— Problem to solve —
Copy exactly the stretch of data below from the line with "Биомеханические и антропометрические" through the line with "Pro-Ukraine rally in", including both of those lines.

— Extracted material —
------------------------------------------------------------------------
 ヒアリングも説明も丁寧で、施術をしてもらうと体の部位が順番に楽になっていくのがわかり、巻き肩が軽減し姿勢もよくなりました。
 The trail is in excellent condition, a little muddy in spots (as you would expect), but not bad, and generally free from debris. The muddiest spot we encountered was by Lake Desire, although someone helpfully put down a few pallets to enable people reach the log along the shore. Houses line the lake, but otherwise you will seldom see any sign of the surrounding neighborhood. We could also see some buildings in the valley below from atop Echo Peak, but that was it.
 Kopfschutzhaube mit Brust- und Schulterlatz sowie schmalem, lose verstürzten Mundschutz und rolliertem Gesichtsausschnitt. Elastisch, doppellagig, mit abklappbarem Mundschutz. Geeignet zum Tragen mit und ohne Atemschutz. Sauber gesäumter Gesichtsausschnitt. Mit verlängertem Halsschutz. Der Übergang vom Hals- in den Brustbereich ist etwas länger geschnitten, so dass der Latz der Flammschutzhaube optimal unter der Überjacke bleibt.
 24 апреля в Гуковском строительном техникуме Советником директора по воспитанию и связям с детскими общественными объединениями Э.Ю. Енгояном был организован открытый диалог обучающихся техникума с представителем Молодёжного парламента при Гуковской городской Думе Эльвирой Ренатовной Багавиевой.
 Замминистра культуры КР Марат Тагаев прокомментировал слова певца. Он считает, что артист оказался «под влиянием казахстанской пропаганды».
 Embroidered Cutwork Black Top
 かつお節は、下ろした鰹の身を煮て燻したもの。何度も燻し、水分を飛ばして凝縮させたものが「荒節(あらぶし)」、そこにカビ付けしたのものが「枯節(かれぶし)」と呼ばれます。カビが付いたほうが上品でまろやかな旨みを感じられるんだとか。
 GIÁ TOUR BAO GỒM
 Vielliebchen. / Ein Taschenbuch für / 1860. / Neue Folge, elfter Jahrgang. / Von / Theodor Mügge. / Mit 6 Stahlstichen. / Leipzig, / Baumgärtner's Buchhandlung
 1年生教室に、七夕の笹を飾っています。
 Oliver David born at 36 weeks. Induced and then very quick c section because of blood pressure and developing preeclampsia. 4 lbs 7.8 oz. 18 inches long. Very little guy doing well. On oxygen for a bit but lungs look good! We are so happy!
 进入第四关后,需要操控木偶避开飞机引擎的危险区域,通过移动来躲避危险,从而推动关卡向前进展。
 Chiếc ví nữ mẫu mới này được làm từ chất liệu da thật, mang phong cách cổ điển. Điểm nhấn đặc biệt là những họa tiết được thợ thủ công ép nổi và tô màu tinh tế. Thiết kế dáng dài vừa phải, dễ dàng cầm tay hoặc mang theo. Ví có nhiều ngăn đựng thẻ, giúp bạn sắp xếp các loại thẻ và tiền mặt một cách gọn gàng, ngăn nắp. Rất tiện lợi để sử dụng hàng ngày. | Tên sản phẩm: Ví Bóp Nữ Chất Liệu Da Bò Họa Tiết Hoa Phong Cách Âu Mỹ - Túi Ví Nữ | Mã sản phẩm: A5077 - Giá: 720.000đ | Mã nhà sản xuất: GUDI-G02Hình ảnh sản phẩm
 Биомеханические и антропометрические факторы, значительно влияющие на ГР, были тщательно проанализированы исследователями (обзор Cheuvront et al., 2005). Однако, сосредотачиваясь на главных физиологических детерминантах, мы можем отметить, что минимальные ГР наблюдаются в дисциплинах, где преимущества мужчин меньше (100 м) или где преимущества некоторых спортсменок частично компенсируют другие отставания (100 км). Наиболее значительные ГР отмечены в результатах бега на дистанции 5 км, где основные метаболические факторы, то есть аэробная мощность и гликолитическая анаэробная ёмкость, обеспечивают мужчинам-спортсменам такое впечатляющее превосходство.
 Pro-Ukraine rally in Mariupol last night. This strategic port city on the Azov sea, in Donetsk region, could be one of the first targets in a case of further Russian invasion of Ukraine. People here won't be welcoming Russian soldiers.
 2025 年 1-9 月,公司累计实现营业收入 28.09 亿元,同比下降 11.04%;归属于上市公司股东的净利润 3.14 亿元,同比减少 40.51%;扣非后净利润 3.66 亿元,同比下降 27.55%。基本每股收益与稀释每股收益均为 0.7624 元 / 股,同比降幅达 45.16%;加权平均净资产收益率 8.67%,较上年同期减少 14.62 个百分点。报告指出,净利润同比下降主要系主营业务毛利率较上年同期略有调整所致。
------------------------------------------------------------------------
— Solved problem —
 Биомеханические и антропометрические факторы, значительно влияющие на ГР, были тщательно проанализированы исследователями (обзор Cheuvront et al., 2005). Однако, сосредотачиваясь на главных физиологических детерминантах, мы можем отметить, что минимальные ГР наблюдаются в дисциплинах, где преимущества мужчин меньше (100 м) или где преимущества некоторых спортсменок частично компенсируют другие отставания (100 км). Наиболее значительные ГР отмечены в результатах бега на дистанции 5 км, где основные метаболические факторы, то есть аэробная мощность и гликолитическая анаэробная ёмкость, обеспечивают мужчинам-спортсменам такое впечатляющее превосходство.
 Pro-Ukraine rally in Mariupol last night. This strategic port city on the Azov sea, in Donetsk region, could be one of the first targets in a case of further Russian invasion of Ukraine. People here won't be welcoming Russian soldiers.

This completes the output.